March 7, 2007 – Dr. Dan Zukergood, associate professor of education at Springfield College, will present a one-hour multi-media presentation on Muhammad Yunus, the founder of the Grameen Bank of Bangladesh and this year's winner of the Nobel Peace Prize for Economics. The Unitarian Universalist Fellowship of St. John will host the presentation starting at 9:45 a.m., on Monday, March 11, in the Great Room of the Gifft Hill School Elementary Campus. A discussion and a potluck will follow. All are welcome.
Yunus, a professor at Chittagong University, started the Grameen Bank in 1976 with a $27 loan to 42 desperately poor people in the village next to his campus. One of the first borrowers was a stool maker who earned only two cents a day due to having to sell the stools she made back to the moneylender at a price he set. With a tiny loan from Yunus, the stool maker was free to sell her products at the market rate and her profit soared from two pennies to $1.20 a day.
Since then, the Grameen Bank has served over 6.61 million borrowers, 97 percent of whom are women. Hundreds of microcredit banks around the world have been created using the Grameen model, including many in the US. Come see why microcredit is being touted as one of the biggest success stories in poverty alleviation and why Yunus deserved to win this year's Nobel Peace Prize.

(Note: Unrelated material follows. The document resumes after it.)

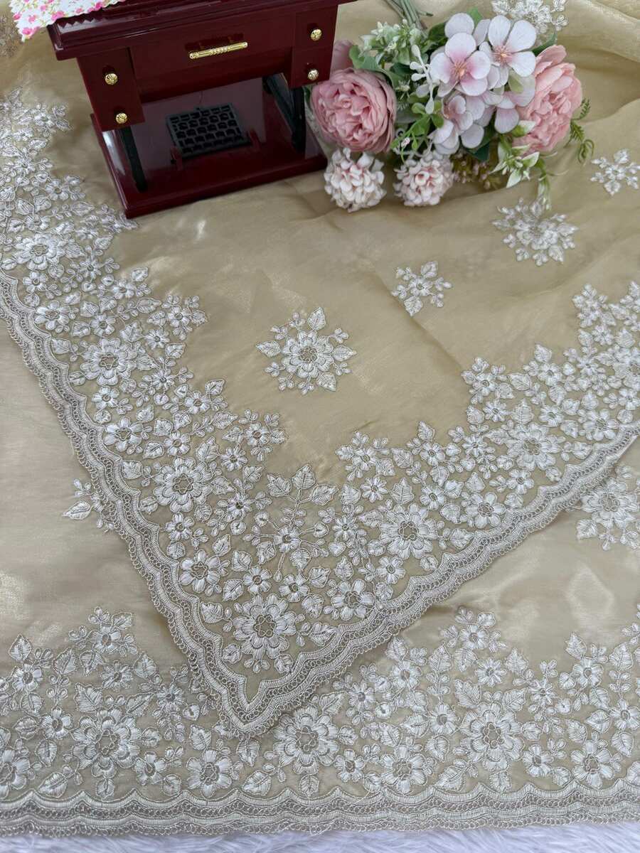 SAREE FABRIC : PURE SOFT TABBY ORGANZA WITH HEAVY EMBROIDERY MULTI TREADS , CODING & SEQUENCE WORK & FANCY CUT WORK BORDER

Dr. Zukergood has visited the Grameen Bank, worked with Dr. Yunus and founded a microcredit bank in Syracuse, NY. He has been leading advocacy workshops since 1983 and has been an active advocate for issues dealing with hunger and poverty as a member of the Hunger Project, Hunger Free America and RESULTS. He is the founder of Classroom Classics for a Global Education and publisher of "Monsoon – a Novel to End World Hunger." Zudergood is currently co-writing a book on advocacy entitled "Pedagogy of Power: Educating for Active Democratic Citizenship."